ドラちゃん、といつも通り呼ばれるのもまずいですがモンスター語を話しているのを聞かれるのもマズイです。
明らかに人間では無理な発音しますので。
「勇者様方に紹介しておきましょう。こちら、Sランクダンジョンのハーピィの塔のダンジョンマスターです。そうですね、他のSランクよりは難易度は下がるかと思います」
何か言いたげにハーピィがじたばたしていますが、放して余計なこと口走られたら困りますので無視です。

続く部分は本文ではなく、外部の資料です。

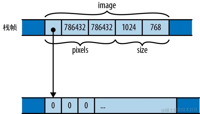 与 C 和 C++ 不同,Rust 没有具体承诺它将如何在内存中对结构体的字段或元素进行排序,图 9-1 仅展示了一种可能的安排。然而,Rust 确实承诺会将字段的值直接存储在结构体本身的内存块中。JavaScript、Python 和 Java 会将 pixels 值和 size 值分别放在它们自己的分配在堆上的块中,并让 GrayscaleMap 的字段指向它们,而 Rust 会将 pixels 值和 size 值直接嵌入 GrayscaleMap 值中。只有由 pixels 向量拥有的在堆上分配的缓冲区才会留在它自己的块中。
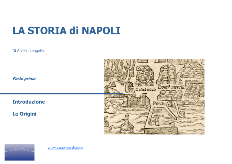 LA STORIA di NAPOLI Di Aniello Langella Parte prima Introduzione Le Origini www.vesuvioweb.com LA STORIA DELLA CITTA’ DI NAPOLI Piano generale del lavoro Origini, storia, leggende Prima parte Introduzione Le Origini della città di Nappoli Seconda parte Roma entra in città Terza parte Napoli diventa Ducato nel nome della libertà e dell’indipendenza Quarta parte Napoli diventa Normanna Quinta parte Il regno di Federico II Sesta parte Carlo d’Angiò re di Napoli Settima parte Napoli e gli Aragona Testo e ricerca di Aniello Langella 2007 © www.vesuvioweb.com 2 Origini, storia, leggende Introduzione Descrivere in breve una città che ha attraversato la storia per giungere fino a noi con un patrimonio culturale di proporzioni immense è davvero un’opera gravosa, difficile e sicuramente complessa. Non si può parlare di un evento o di un monumento se non si passa attraverso il documento, il tramando, l’immagine e Napoli in questo appare ricchissima. Ogni angolo della città, ogni stradina, ogni voce del vicolo può nascondere storia tradizione e cultura. Oggi ancora qui, si possono ritrovare le tracce dell’arcano mistero, della sapiente filosofia Cicladica, delle orme degli antichi popoli che vi abitarono. E’ ancora qui tra le massime espressioni artistiche racchiuse nei traboccanti Musei che si possono leggere le pagine di una storia infinita che affascina e seduce. Uomini illustri vi soggiornarono, regnanti potenti e feroci ebbero la loro dimora tra queste piazze. Qui si cantarono le più belle poesie e si scrissero versi immortali. E tra questi angusti slarghi urbanistici scanditi dal ritmo della centuriazione romana, si svolsero anche delle rivoluzioni, politiche e culturali. Il lettore leggendo queste pagine dovrà avere solo la bontà di comprendere che in genere e nel mondo della comunicazione, la sintesi di un concetto complesso che diventa ancor più articolato e difficile quando concerne un universo culturale infinito qual è la Città di Napoli. Valga quindi il consiglio di aver rimandato a migliore e più dotta bibliografia l’approfondimento delle tematiche trattate. www.vesuvioweb.com 3 Le origini Napoli è una delle città più antiche dell’occidente. Le sue origini possono essere ricondotte al tramando e alla leggenda anche se recenti studi archeologici e storici riportano i fatti ad eventi concreti e reali. Vale la pena tuttavia ricordare tra le tante una leggenda, che forse, colorata dai tempi e dall’estro artistico del popolo, ci risulta oggi gradita e quanto mai aderente alla realtà della città. La leggenda vuole al centro della scena la Sirena Partenope. Quindi il racconto è affidato alla mitologia greca. Il personaggio, che è femminile (e non poteva essere diversamente) è una creatura mitica, affascinante e seducente e per alcuni secoli ebbe le fattezze corporee di un uccello ma dal volto soave di giovane donna. Lei regina del golfo incantato era la padrona e la maestra delle arti, era il simbolo della bellezza e della voluttuosità. Durante l' Alto Medioevo e per i secoli che seguirono, Partenope, subì una trasformazione di sostanza e di anima e da essere evanescente e misterioso assunse le sembianze corporee di un essere che aveva una metà donna e per l'altra metà pesce. La Sirena così acquisì una sua immagine di dominanza sugli elementi della natura, sul palcoscenico geologico della città andando ad esibire il suo cratos tra il mare, la terra ed il cielo. Le origini di Partenope, Sirena fondatrice della città e nume tutelare assieme, possono essere ricondotte a numerose visioni, a numerosi fatti mitologici. Tra i tanti ci pare suggestivo quello che la farebbe provenire dalle piccole Isole de li Galli, dette anche Isole delle Sirene. Questo gruppetto di scogli si trovano di fronte alla costa di Positano. www.vesuvioweb.com 4 La leggenda vuole che su queste isole abitassero queste creature dal canto ammaliante e seducente. Sappiamo ancora che le navi passando davanti a questo scogli, attratti dal canto che galvanizzava i sensi, perdendo il controllo, andavano a schiantarsi, naufragando. Ulisse e il suo viaggio ci raccontano questa storia. Ma Uno scoglio delle Sirene esiste anche a Marina Piccola di Capri. Forse Partenope che era una del coro, spesso passava da uno scoglio all’altro per godersi, sole, mare e passioni. Sembra che un solo uomo scampò ai perigliosi richiami delle Sirene e questi fu proprio il calidus itacense. Fattosi legare all’albero maestro volle ascoltare e volle subire il fascino del richiamo mortale. Ma poi come ci dice il testo passò oltre e superato l’inganno, liberò anche i compagni sturandone le orecchie. Si racconta così che Partenope vinta dallo stratagemma e prostata per non aver condotto l’operazione a buon fine, si sia suicidata e così come lei , fecero anche due delle “colleghe degli scogli fatati”: Ligeia e Leucosia. Questa storia richiama un’altra che ebbe per protagonista Orfeo. I corpi di Ligeia e Leucosia vagarono nel golfo e nessuno ci ha detto dove andarono a finire. Forse Leucosia approdò sull’arenile di San Giovanni a Teduccio, dove esisteva uno scoglio bianco che prese nome proprio da lei. Leucosia, Leucopetra (bianca pietra). Ma del corpo di Partenope nessuna traccia. Vagò sui flutti notti e giorni e poi spinto dal vento e dalle onde andò a poggiarsi sullo scoglio di Megaride. La rupe marina sulla quale più tardi venne edificato il Castel dell’Ovo. Per secoli i popoli antichi e ancora oggi i moderni, sotto il profilo filologico, hanno ricercato i resti mortali della bellissima Sirena tra le fondamenta del Castel dell’Ovo, lungo la collina di Sant’Aniello sede di un’antica necropoli, tra i sotterranei della città. Ma nulla è emerso di concreto. E forse è meglio così. Ricercare il mito è sempre piacevole e stimolante, arricchisce e spesso premia. www.vesuvioweb.com 5 Ma se la commedia mitologica finisce qui, tra balzelli letterari, tramandi e racconti fantasiosi,

「こちらで気を失っているリリスは誘惑の館と呼ばれるSランクダンジョンのマスターです。こちらのダンジョンは現在クリア不能も同然なのでオススメいたしません」
「クリア不能って、それダンジョンとしてどうなんだよ」
「クリア不能とは言っておりません。不能同然なのです。彼女は魅了魔法を得意としておりますが、その魅了魔法を破れた者がまずいません。そして範囲はダンジョン内全域に及びます」
「てことは……」
「魅了耐性が彼女の魅了魔法を上回っている場合のみクリア可能です。が、前例がありません」
「やっぱりおかしいでしょ!」
「Sランクダンジョンの説明に、デタラメです。と記載してあるはずです。こういう意味です」
絶句する勇者達。
ええ、気持ちは凄くわかります。
「でもなんで僕たちに紹介を?」
「ふと、貴方方ならば挑戦するかもしれないと思ったからです。今すぐにとは言わずとも、将来的に」
少し照れながら、頭を掻く勇者に戦士は、社交辞令だばーか。と頭を小突く。
そこに、ふわふわと降りてくる姉御。
「おや? またチビッ子らか。どうしたんや?」
「あ、神楽さん。ありがとうございました! いつか必ずダンジョンに挑戦しに来ます!」
姿を見るなり勇者は深々と頭を下げる。
「ま、頑張りや」
僅かに微笑みひらひらと手を振って、勇者パーティの背中を見送る。
さて、彼らが挑むのは一体どれくらい先の話ですかね。
途中からすっかり動かなくなったハーピィを見れば、
白目をになっていたため慌てて手を放す。ごめんなさい。呼吸止めてました。